Patrick stayed home sick in bed on Monday. This would be pretty boring news for another kid, but for Patrick, this is only his 2nd ever sick day at home.

When I put him to bed Sunday night, his temperature was in the 99’s. If his temperature reaches 100.4 degrees farenheit, that is considered a fever and requires quick action. With a central line, a small fever could be a life-threatening blood infection that can turn deadly in the matter of just a few hours. If a fever reaches 101, we go straight to the hospital and say there at least 2 days.

Monday morning, Patrick’s temperature was still high, but sat just on the brink of a fever. So instead of running to the doctor, I put him in my bed with his IV pole connected, in addition to the TPN in his backpack, so that I could give him fluids to keep him from getting dehydrated.

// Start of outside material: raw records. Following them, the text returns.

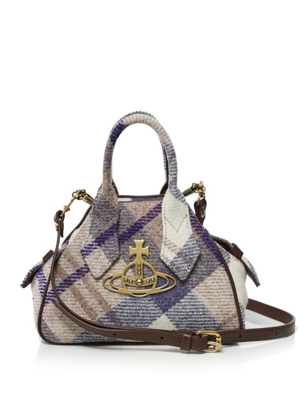 The Vivienne Westwood small Harris Yasmine bag is a compact accessory with an abundance of style. Crafted from premium Harris Tweed wool in a tartan print, this beautiful tote bag features a zip fastening, twin top handles, gold-tone hardware and a signature Orb motif to the front for an authentic finishing touch.
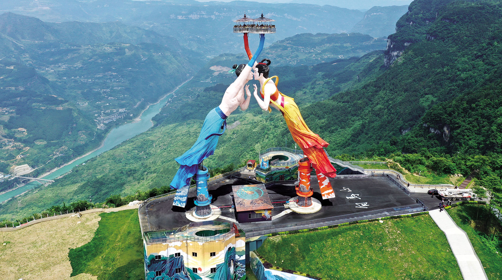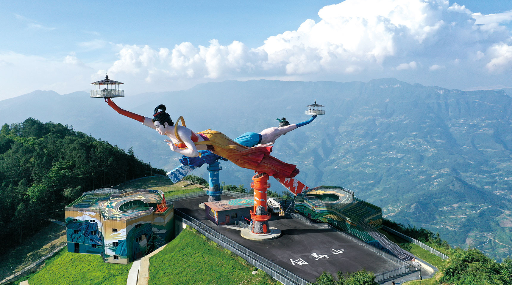 “飛天之吻”的IP形象是全球首創(chuàng)、高達(dá)55米的大型互動式雙飛行島項(xiàng)目,集高空全景式觀光、飛行體驗(yàn)于一身,觀光艙大臂可伸出懸崖40多米,乘客在飛行中能欣賞懸崖立面的全景式壯觀美景。飛行島游樂觀光項(xiàng)目是對傳統(tǒng)景區(qū)高空觀光項(xiàng)目的全新定義?!帮w天之吻”一經(jīng)推出就引起熱議,“網(wǎng)紅”指數(shù)不斷飆升,瀏覽量達(dá)8億人次,受到廣泛關(guān)注,并逐步轉(zhuǎn)化為國內(nèi)外游客,有效實(shí)現(xiàn)了線上流量帶動線下客流,成為典范之作。
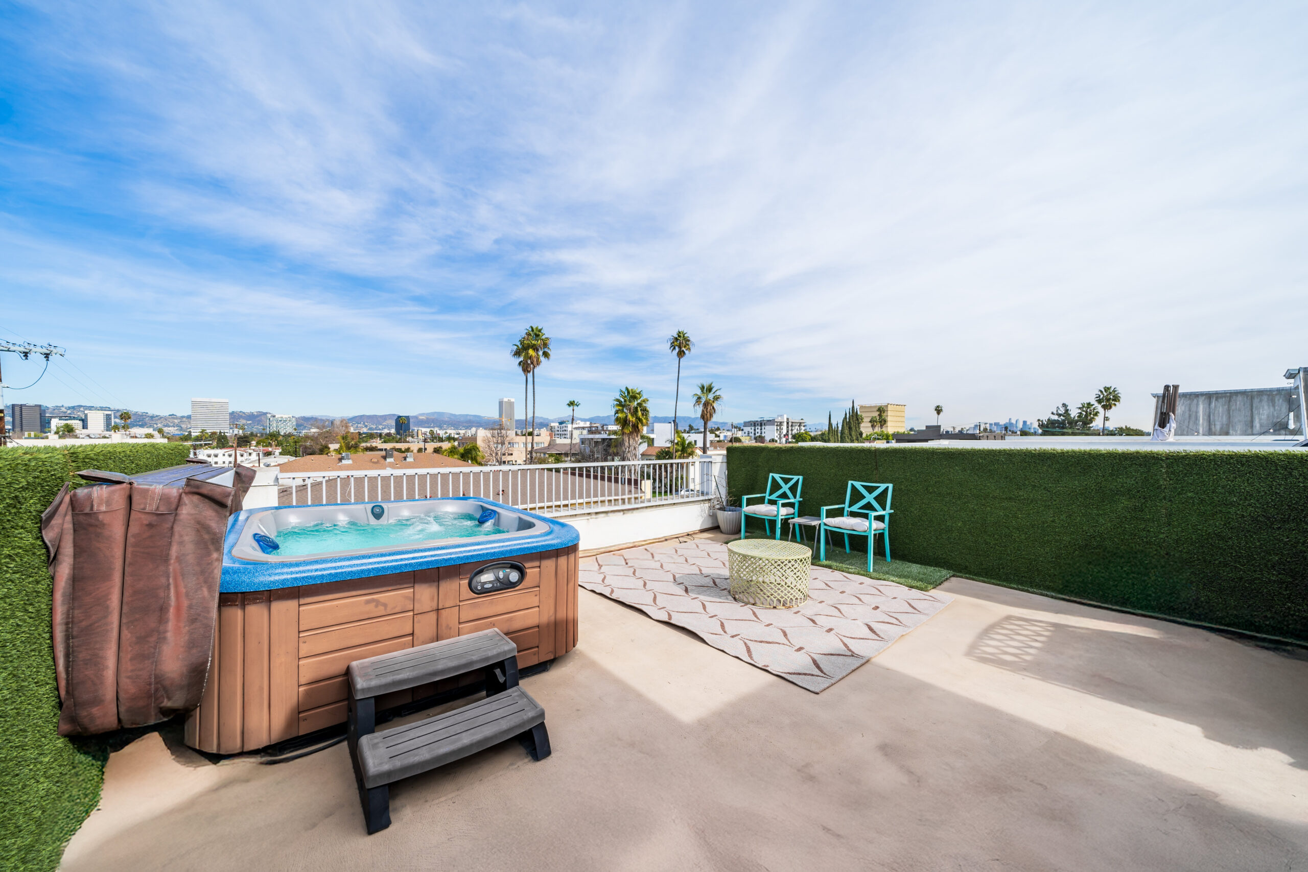 Discover modern living at its finest with this stunning 2,000-square-foot home in the highly sought-after Faircrest Heights neighborhood. Boasting 4 bedrooms and 3 bathrooms, this contemporary masterpiece offers the perfect blend of style, space, and functionality. The exterior makes a bold statement, featuring clean lines, oversized windows, and high ceilings. Sunlight floods the open-concept living spaces, highlighting the upscale finishes that define every corner of this home. The kitchen features Caesarstone countertops, sleek glass-front cabinetry, self-closing drawers, and a walk-in pantry. Outfitted with GE stainless steel appliances, it's perfect for everything from casual meals to gourmet creations. The bathrooms are equally impressive, with luxurious touches like tiled surrounds and double vanities in the primary suite's spa-inspired ensuite. At the top of the home, a 400-square-foot rooftop deck with a hot tub awaits a true entertainer's paradise with panoramic city and mountain views. Additional conveniences include a private two-car garage + Driveway to 50 AMP Electrical Panel ready for an electric car. This home has NO HOA, for greater freedom and flexibility. Nestled in a warm and welcoming community, this home offers the perfect balance of tranquility and accessibility to everything West LA has to offer. Additional features: Pre-wired for Solar Panels.

He didn’t feel well, so he just layed there and napped and looked at books and watched Baby Einsteins. Meanwhile, I got on the phone with Patrick’s medical team. I talked to the nurses in the GI clinic to get blood cultures ordered, and then his home nurse to arrange for her to come to give them. I called his dietician to let her know that his stomach was upset and I was having to pour extra fluids into him. (This can make a difference in his electrolyte balance, which can be life-threatening.) And then I talked to his doctor, who was at home sick with the flu, but more than willing to work with me to make sure he stayed safe at home, or could go quickly to the hospital if needed. Then a conversation with his homecare pharmacist to arrange for a dose of antibiotics and some extra fluid to be delivered, and a call to the pharmacy at Primary Children’s Hospital to get some oral antibiotics too, for his belly.

I played nurse all day long. I spent a lot of the day in bed with Patrick to keep him comforted, and to watch for signs that he might take a turn for the worse. But he stayed grumpy, but stable. I also took his temperature at least every half hour.

Nursing duty spilled into the night. Brian and I took turns sleeping in Patrick’s room with him. He slept better that way, anyway, plus it meant that we could keep a closer eye on him.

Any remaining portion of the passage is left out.